# [Stored data entries]
::::::::::
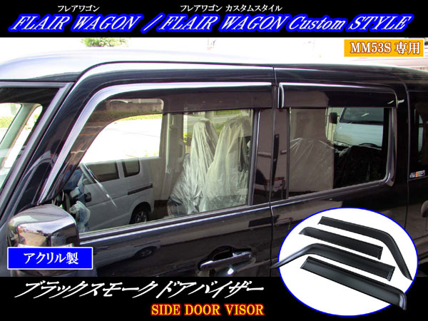 MM53 MM M53 53 フレアワゴン カスタムスタイル フレア ワゴン カスタム スタイル バイザー ドア サイド ブラックスモーク フロント リア リヤ ドア サイド ブラックスモーク 日除け 雨除け サンバイザー 〇 FLAIR_WAGON_CUSTOM_STYEL_MM03
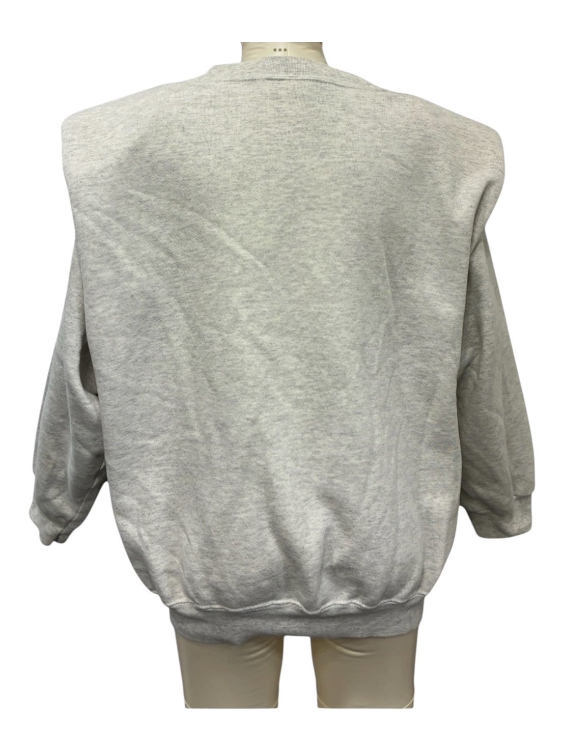 杢グレーのボディにフットボールモチーフを配したスウェットを、パワーショルダー仕様に再構築。クラシックなスポーツデザインに、シルエットでさりげない緊張感を加えています。
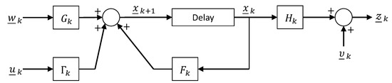 With the state vector at time k, a known input and the state noise. Equivalently, the observation vector and the observation, or measurement, noise. is the state transition matrix, is the matrix relating the states to the input and is the matrix relating measurements to states at time k, all of them with the appropriate dimensions. Figure 1 illustrates a block diagram for the signal model with external known input that corresponds to the DSE problem.
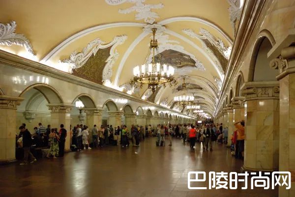 能与斯德哥尔摩地铁站叫板的,也许只有莫斯科的地铁站了。作为莫斯科地区重要的交通枢纽之一,地铁共青团站设计得特别隆重大气。车站设计的初衷是激发人民的民族自豪感,极力体现了当时苏联俄国的繁华。地铁的天花拱顶是鲜亮的金黄色,伴有雕刻精美的白色浮雕和艺术拼贴的马赛克,并且相隔不远就有一盏华丽的吊灯,使得整个站台长廊有如宴会大厅一般金碧辉煌。
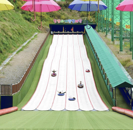 ´Ü¾ç»ç°èÀý½ä¸ÅÀåÀº ±æÀÌ 78m, °æ»ç 13µµÀÇ ½½·ÎÇÁ 6°³ ·¹ÀÎÀ¸·Î ±¸¼ºµÅ ÀÖÀ¸¸ç, ³»·Á¿Ã ¶§ÀÇ ¼Óµµ°¨°ú ½º¸±·Î °¡Á· ´ÜÀ§ °ü±¤°´µé¿¡°Ô ²ÙÁØÇÑ Àα⸦ ²ø°í ÀÖ´Ù.
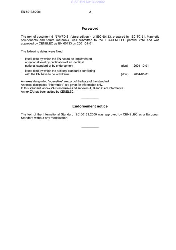 EN 60133:2001 is classified under the following ICS (International Classification for Standards) categories: 29.100.10 - Magnetic components. The ICS classification helps identify the subject area and facilitates finding related standards.
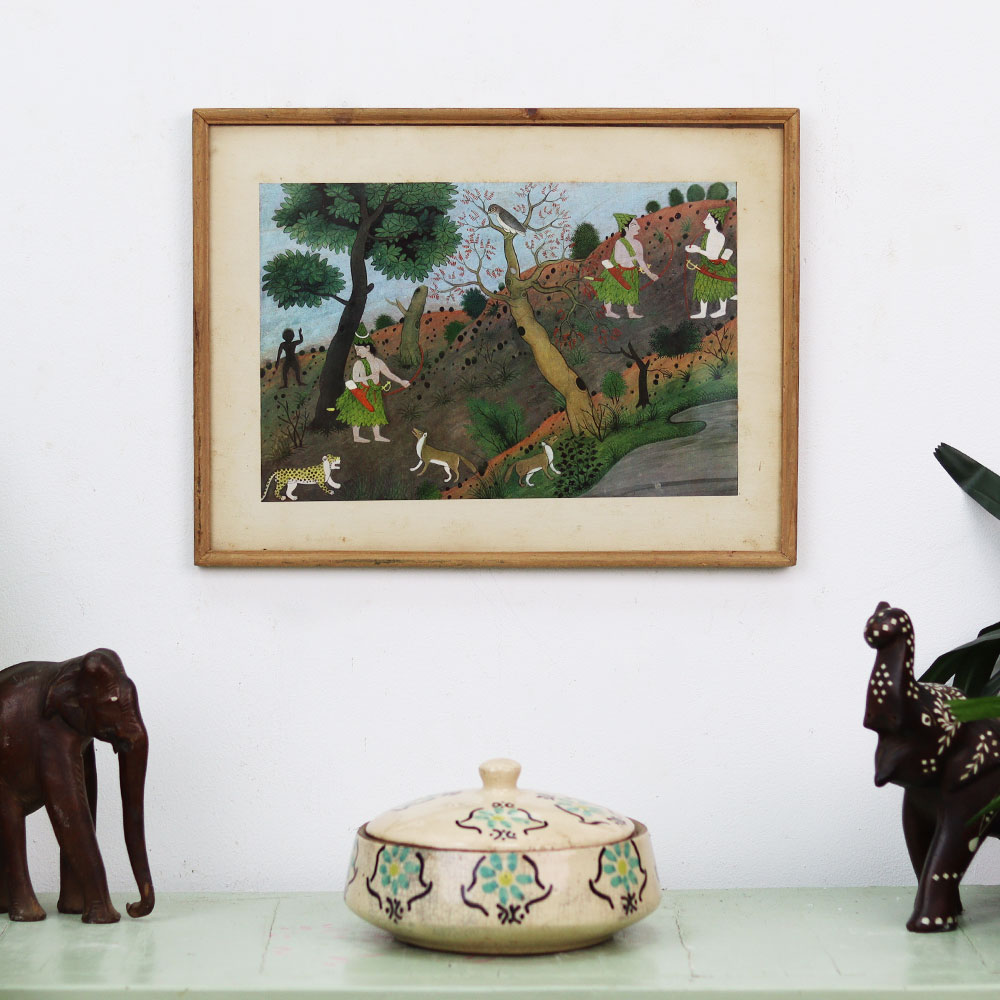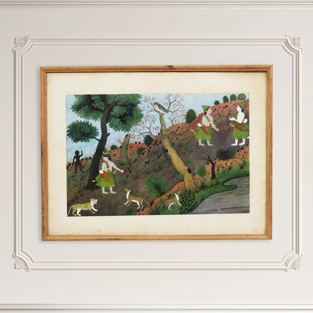 Immerse yourself in the timeless allure of Pahadi Kangra art with this exquisite print. Masterfully crafted by the renowned artists of the Kangra School, this piece showcases the region's rich cultural heritage and breathtaking natural landscapes. This Pahadi Kangra print is a true testament to the skill and artistry of the region's most celebrated painters. Lose yourself in the serene landscapes, the delicate flora, and the captivating narratives that unfold before you. Each brushstroke is a window into a world of wonder, inviting you to explore the cultural tapestry of this extraordinary region. Whether you're a seasoned art collector or simply seeking to infuse your space with a touch of timeless elegance, this Pahadi Kangra print is a must-have. It's the perfect way to bring the beauty of the Himalayas into your home, elevating your decor and igniting your imagination. Immerse yourself in the captivating world of Pahadi Kangra art and let this stunning piece transport you to a realm of pure artistic brilliance.
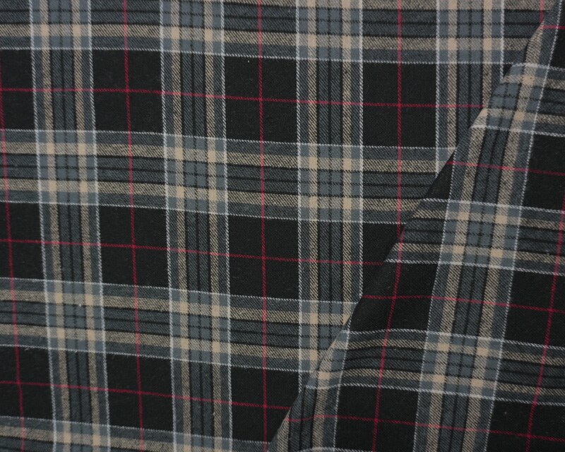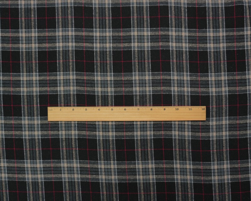Black and Tan Multi Yarn Dyed Plaid Flannel Fabric By the Yard
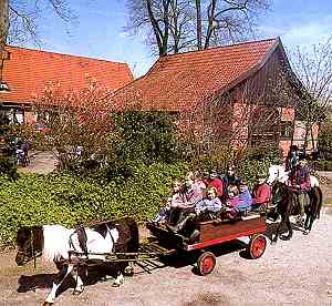 Ausritte durch die reizvolle Parklandschaft des Münsterlandes, über Holland oder durch das Gildehauser Venn, sowie qualifizierter Reitunterricht auf 3 Außenplätzen und in der Reithalle, gehören zu dem Angebot des nahegelegenen Reiterhofes (1 km). Hier können Pferde und Ponys stundenweise geliehen werden oder aber auch Reitstunden und Reitkurse belegt werden. Auch Kutschfahrten per Voranmeldung werden angeboten. Zudem gibt es auf einem in der Nähe befindlichen Bauernhof (3 km) die Möglichkeit echtes Hofleben mit allem was dazugehört kennenzulernen. Ponyreiten und Reiten, Kutschfahrten, Spielscheune, Spielplatz, Hoftiere, Streichelzoo und Kettcarbahn. In der Zeit, während sich die Kinder beschäftigen und amüsieren, können die Eltern im Café-Restaurant zwischen selbstgebackenen Kuchenspezialitäten, deftigen aber auch ausgefallenen Gerichten unserer Region wählen. Verschiedene Getränke und Eiskreationen, für jeden ist etwas dabei. Im hofeigenen Bauernlädchen erwarten Sie hausgebackenes Bauernbrot, deftige Wurstwaren und selbst gekochte Marmelade, luftgetrockneten Schinken und frische Eier. Auch finden Sie hier schöne Geschenkideen und Originelles vom Lande. |
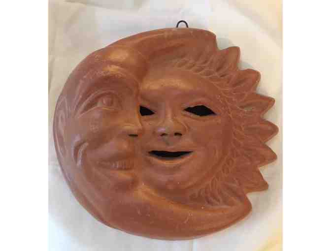 A beautiful Terra-cotta sun and moon wall hanging to add to your outdoor patio or in your home! This is a hand crafted art piece from Mexico which measures 9.5" high and 10" wide.
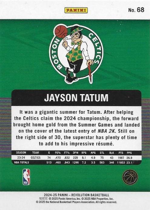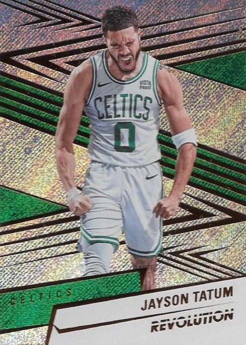 The 2024-25 Panini Revolution set features modern design elements with clean photography that captures players in game action. Revolution has built a reputation for delivering quality base cards with appealing aesthetics, making this Tatum card a strong choice for team set builders and fans of contemporary NBA stars.
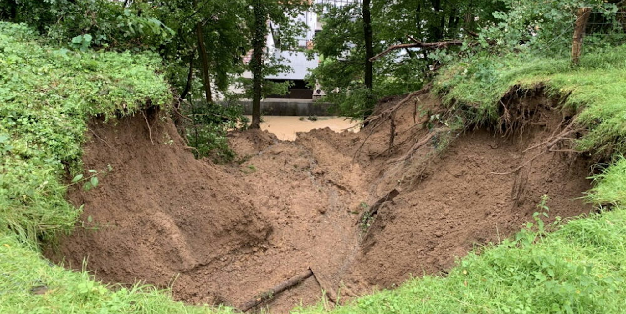 Was einmal ein Hang am Mühlenweg war, ist seit der Flut im Juli nur noch ein Loch. Jetzt Rücken die Bagger an.
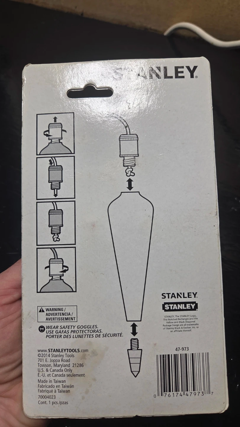 Buy & SellStanley 8oz Solid Brass Plumb BobStanley 8oz Solid Brass Plumb Bob$10This is a Stanley 8oz solid brass plumb bob. It features a replaceable hardened steel tip. Made in Taiwan.ConditionNewWHERE TO MEETCheck LocationView MapSELLER371554Harvest Hills171 review0 chats·0 favorites·3 viewsSEND CHAT TO SELLERHi 371554! I’m interested in your listing.Hi 371554! I’m interested in your listing.Get the Karrot app to chatSign In to chat
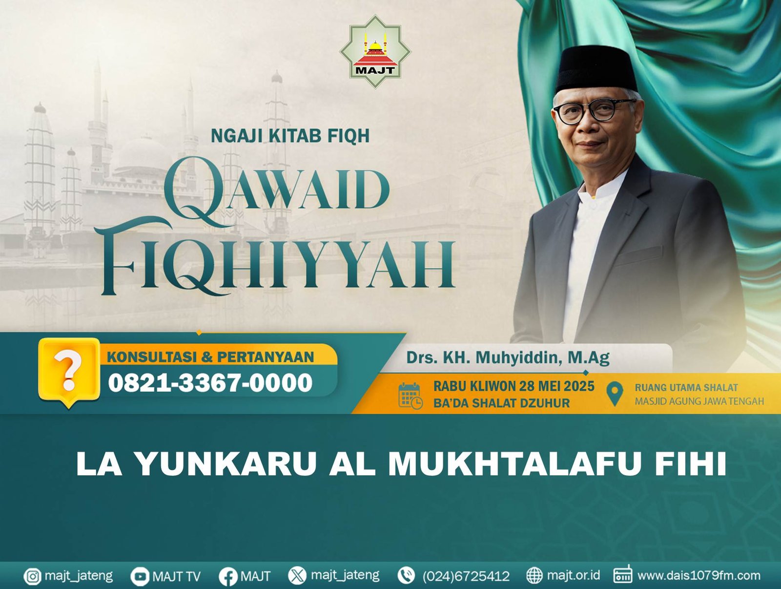 Mari hadir dan ikuti Ngaji Rutin Kitab Qawaid Fiqhiyyah, Rabu Bakda Dzuhur di ruang utama shalat  Masjid Agung Jawa Tengah, pada :
::::::::::
The records above must be output exactly, except for the pictures.

 MM53 MM M53 53 フレアワゴン カスタムスタイル フレア ワゴン カスタム スタイル バイザー ドア サイド ブラックスモーク フロント リア リヤ ドア サイド ブラックスモーク 日除け 雨除け サンバイザー 〇 FLAIR_WAGON_CUSTOM_STYEL_MM03
 杢グレーのボディにフットボールモチーフを配したスウェットを、パワーショルダー仕様に再構築。クラシックなスポーツデザインに、シルエットでさりげない緊張感を加えています。
 With the state vector at time k, a known input and the state noise. Equivalently, the observation vector and the observation, or measurement, noise. is the state transition matrix, is the matrix relating the states to the input and is the matrix relating measurements to states at time k, all of them with the appropriate dimensions. Figure 1 illustrates a block diagram for the signal model with external known input that corresponds to the DSE problem.
 能与斯德哥尔摩地铁站叫板的,也许只有莫斯科的地铁站了。作为莫斯科地区重要的交通枢纽之一,地铁共青团站设计得特别隆重大气。车站设计的初衷是激发人民的民族自豪感,极力体现了当时苏联俄国的繁华。地铁的天花拱顶是鲜亮的金黄色,伴有雕刻精美的白色浮雕和艺术拼贴的马赛克,并且相隔不远就有一盏华丽的吊灯,使得整个站台长廊有如宴会大厅一般金碧辉煌。
 ´Ü¾ç»ç°èÀý½ä¸ÅÀåÀº ±æÀÌ 78m, °æ»ç 13µµÀÇ ½½·ÎÇÁ 6°³ ·¹ÀÎÀ¸·Î ±¸¼ºµÅ ÀÖÀ¸¸ç, ³»·Á¿Ã ¶§ÀÇ ¼Óµµ°¨°ú ½º¸±·Î °¡Á· ´ÜÀ§ °ü±¤°´µé¿¡°Ô ²ÙÁØÇÑ Àα⸦ ²ø°í ÀÖ´Ù.
 EN 60133:2001 is classified under the following ICS (International Classification for Standards) categories: 29.100.10 - Magnetic components. The ICS classification helps identify the subject area and facilitates finding related standards.
 Immerse yourself in the timeless allure of Pahadi Kangra art with this exquisite print. Masterfully crafted by the renowned artists of the Kangra School, this piece showcases the region's rich cultural heritage and breathtaking natural landscapes. This Pahadi Kangra print is a true testament to the skill and artistry of the region's most celebrated painters. Lose yourself in the serene landscapes, the delicate flora, and the captivating narratives that unfold before you. Each brushstroke is a window into a world of wonder, inviting you to explore the cultural tapestry of this extraordinary region. Whether you're a seasoned art collector or simply seeking to infuse your space with a touch of timeless elegance, this Pahadi Kangra print is a must-have. It's the perfect way to bring the beauty of the Himalayas into your home, elevating your decor and igniting your imagination. Immerse yourself in the captivating world of Pahadi Kangra art and let this stunning piece transport you to a realm of pure artistic brilliance.
Black and Tan Multi Yarn Dyed Plaid Flannel Fabric By the Yard
 Ausritte durch die reizvolle Parklandschaft des Münsterlandes, über Holland oder durch das Gildehauser Venn, sowie qualifizierter Reitunterricht auf 3 Außenplätzen und in der Reithalle, gehören zu dem Angebot des nahegelegenen Reiterhofes (1 km). Hier können Pferde und Ponys stundenweise geliehen werden oder aber auch Reitstunden und Reitkurse belegt werden. Auch Kutschfahrten per Voranmeldung werden angeboten. Zudem gibt es auf einem in der Nähe befindlichen Bauernhof (3 km) die Möglichkeit echtes Hofleben mit allem was dazugehört kennenzulernen. Ponyreiten und Reiten, Kutschfahrten, Spielscheune, Spielplatz, Hoftiere, Streichelzoo und Kettcarbahn. In der Zeit, während sich die Kinder beschäftigen und amüsieren, können die Eltern im Café-Restaurant zwischen selbstgebackenen Kuchenspezialitäten, deftigen aber auch ausgefallenen Gerichten unserer Region wählen. Verschiedene Getränke und Eiskreationen, für jeden ist etwas dabei. Im hofeigenen Bauernlädchen erwarten Sie hausgebackenes Bauernbrot, deftige Wurstwaren und selbst gekochte Marmelade, luftgetrockneten Schinken und frische Eier. Auch finden Sie hier schöne Geschenkideen und Originelles vom Lande. |
 A beautiful Terra-cotta sun and moon wall hanging to add to your outdoor patio or in your home! This is a hand crafted art piece from Mexico which measures 9.5" high and 10" wide.
 The 2024-25 Panini Revolution set features modern design elements with clean photography that captures players in game action. Revolution has built a reputation for delivering quality base cards with appealing aesthetics, making this Tatum card a strong choice for team set builders and fans of contemporary NBA stars.
 Was einmal ein Hang am Mühlenweg war, ist seit der Flut im Juli nur noch ein Loch. Jetzt Rücken die Bagger an.
 Buy & SellStanley 8oz Solid Brass Plumb BobStanley 8oz Solid Brass Plumb Bob$10This is a Stanley 8oz solid brass plumb bob. It features a replaceable hardened steel tip. Made in Taiwan.ConditionNewWHERE TO MEETCheck LocationView MapSELLER371554Harvest Hills171 review0 chats·0 favorites·3 viewsSEND CHAT TO SELLERHi 371554! I’m interested in your listing.Hi 371554! I’m interested in your listing.Get the Karrot app to chatSign In to chat
 Mari hadir dan ikuti Ngaji Rutin Kitab Qawaid Fiqhiyyah, Rabu Bakda Dzuhur di ruang utama shalat  Masjid Agung Jawa Tengah, pada :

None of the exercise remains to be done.